### Task instructions
Could you please transcribe the data exactly, without the pictures?

### Data extract
________________________
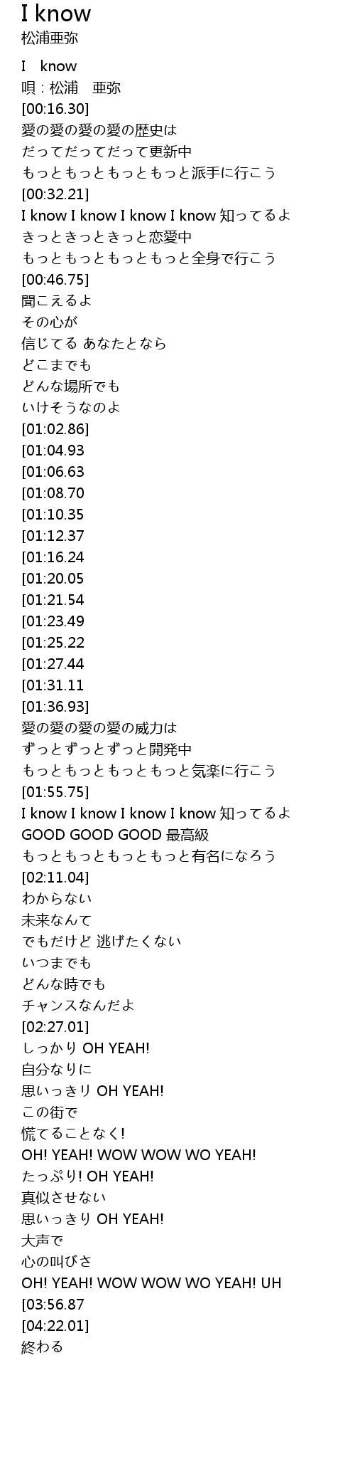 | [00:33.28] | I know I know I know I know 知ってるよ |
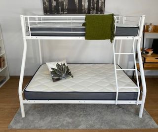Litera para cama de matrimonio de 135cm. Comprado en ikea a mi me fue muy bien ya que mi cuarto era pequeño y me ocupaba mucho una cama grande así que la litera fue la mejor opcion así puede poner el pupitre debajo con mi ordenador al lado una cómoda para la ropa y tenia puesto un puf para sentarme en el suelo... (Aparte)También vendo las estanteria blancas 3 estanterías por 20€ Si te quieres llevar todo seria 210€ (Litera,colchón y 3 estanterías) - Estructura de madera la cama tiene estas medidas Ancho: 152cm Largo: 208cm Alto desde la valla hasta el suelo 213cm - colchón de 135cm 🚫No hago envíos, venir a buscar con furgoneta!
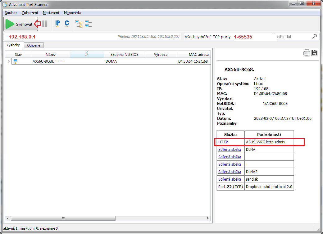 Nabídne výběr mezi instalací a spuštěním - vyber spuštění. Dále vyplň IP adresu, porty (na obrázku červeně) a stiskni skenovat. Po chvíli naskočí na pravé straně výsledek. Pokud se tam objeví http (případně https) - v mém případě označeno červeným rámečkem - klikni na odkaz. V prohlížeči by se měla zobrazit přihlašovací stránka.
________________________
### Task answer
 | [00:33.28] | I know I know I know I know 知ってるよ |
Litera para cama de matrimonio de 135cm. Comprado en ikea a mi me fue muy bien ya que mi cuarto era pequeño y me ocupaba mucho una cama grande así que la litera fue la mejor opcion así puede poner el pupitre debajo con mi ordenador al lado una cómoda para la ropa y tenia puesto un puf para sentarme en el suelo... (Aparte)También vendo las estanteria blancas 3 estanterías por 20€ Si te quieres llevar todo seria 210€ (Litera,colchón y 3 estanterías) - Estructura de madera la cama tiene estas medidas Ancho: 152cm Largo: 208cm Alto desde la valla hasta el suelo 213cm - colchón de 135cm 🚫No hago envíos, venir a buscar con furgoneta!
 Nabídne výběr mezi instalací a spuštěním - vyber spuštění. Dále vyplň IP adresu, porty (na obrázku červeně) a stiskni skenovat. Po chvíli naskočí na pravé straně výsledek. Pokud se tam objeví http (případně https) - v mém případě označeno červeným rámečkem - klikni na odkaz. V prohlížeči by se měla zobrazit přihlašovací stránka.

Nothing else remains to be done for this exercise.